Pingel also credits his father with instilling in him the basic fundamentals of safety and flying. He grew up on his father’s small airport in southern Missouri; his two brothers are also professional pilots.
Before joining Monsanto, Pingel worked for a medical company and flew for 15 years for Fabrick Tractor, a Caterpillar dealer.
Maurice Evans, pilot
When he worked for Willmar Air Service, Maurice Evans often flew for Duininck Companies, then in 19979 he joined the firm as its sole pilot. Duininck, which is based in Prinsburg, Minn., has six divisions: food, resort, golf, water and sewer and heavy construction. The company keeps its Piper Navajo, which has logged 16,000 hours, and two Mooneys in Willmar. Evans said the three aircraft are flown about 900 hours a year. He likes to fly both types but said the Navajo is faster and roomier.

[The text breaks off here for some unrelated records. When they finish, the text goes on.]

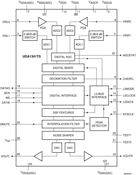 The UDA1341TS is similar to the UDA1340M and the UDA1344TS but adds features such as digital mixing of two input signals and one channel with a PGA and a digital AGC.
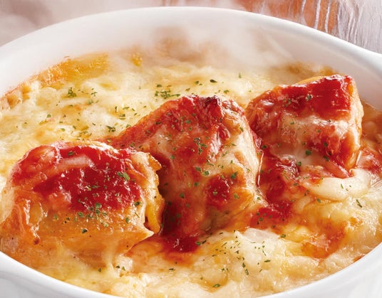 とろりとしたホワイトソースと濃厚チーズがカリっと焼き上げたチキンに絡みます。
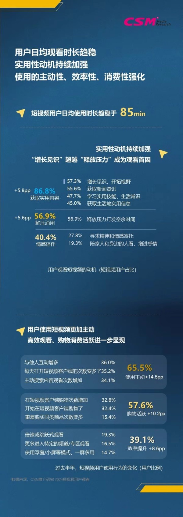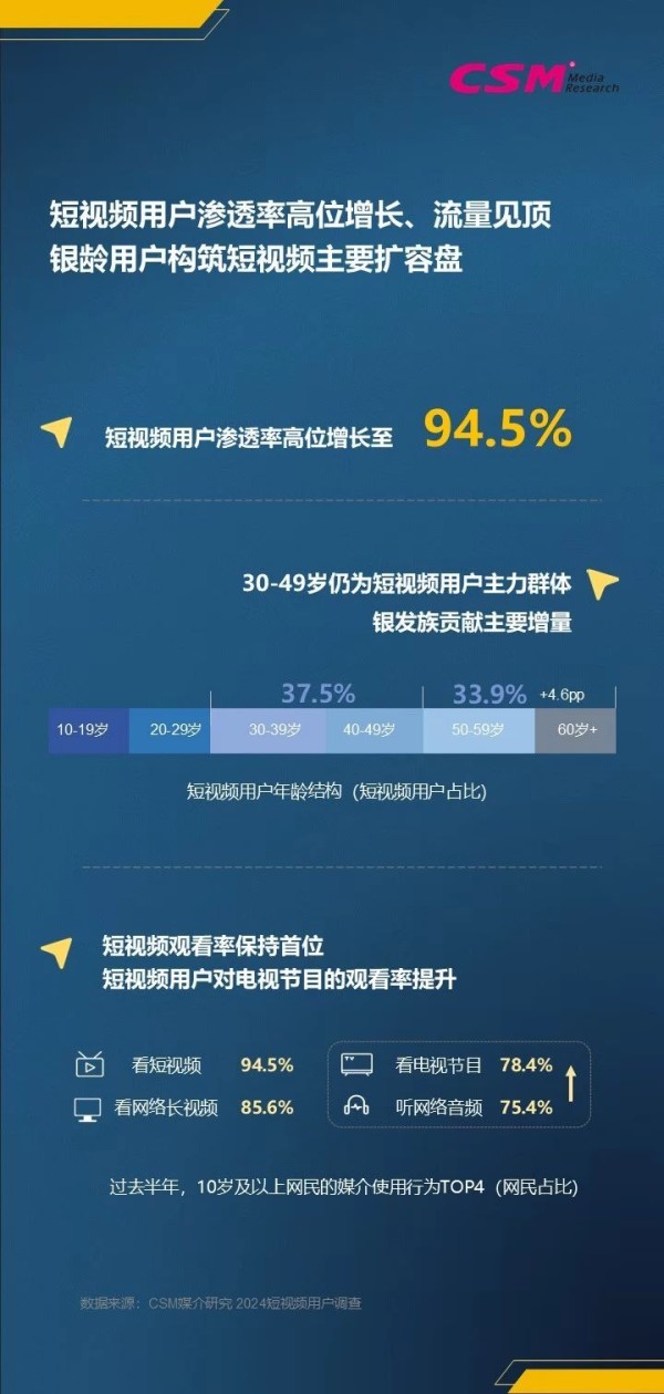 近日,中国广视索福瑞媒介研究(CSM)发布《第七次短视频用户价值年度调研报告》。CSM持续聚焦短视频行业的发展变迁,于2024年8-9月开展了第七次短视频用户年度调查,调查涵盖10岁及以上短视频用户的使用行为、内容偏好、平台使用、电商及内容付费、主流媒体短视频传播等,并对银发类短视频、微短剧等热点垂类内容开展了专项调研。
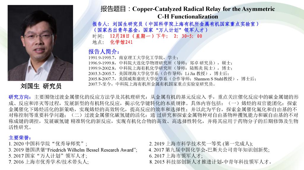 刘国生研究员:Copper-Catalyzed Radical Relay for the Asymmetric C-H Functionalization

Evans grew up around aviation. “Dad had an airplane on the farm from when I was an eighth grader,” he said. “We would go to Flying Farmers events, and my older brother flew. In college, my friends flew and we had a competition to see who got a license first.”
His safety secret is good maintenance, and, said Evans, “One should never go out the door with an issue. The five owners of the company are pilots and they understand aviation. If conditions are bad, don’t go. Safety is the number-one issue.”
Marion Maneth, pipeline patrol supervisor
Little Rock, Ark.
Spectra Energy, a provider of natural gas infrastructure, is headquartered in Houston, Texas, but Marion Maneth’s division is based at Bill and Hillary Clinton National Airport (LIT) in Little Rock, Ark. The company also has regional offices in Boston, British Columbia, Ontario and Nova Scotia. “Spectra Energy is converting its fleet of Cessna 206 patrol aircraft to the Found FBA3,” Maneth said. “We currently have two of them in Little Rock and are taking delivery of four more by 2014.”
Maneth joined the company in September 1989 and has been in his current position for 10 years. “When I was a young farm kid in Kansas,” he said, “my Dad was working on his private license. He used to take my brother and me to the airport to hang around while he took his lessons. I have always been interested in flying.”
After serving in the U.S. Army, where he joined a military flying club, Maneth worked as a charter pilot and as an aerial applicator in Liberal, Kans.
When asked his favorite corporate airplane to fly, Maneth said, “I’ve never met an airplane I didn’t like, just some more than others. Obviously, the Cessna 206 ranks pretty high.”
Asked about his safety record, Maneth said, “Spectra Energy has always had a culture and commitment to safety. From our equipment to our training, safety is the first consideration. Flying 900 hours a year at 500 feet off the ground,” he continued, “you really are safety conscious.”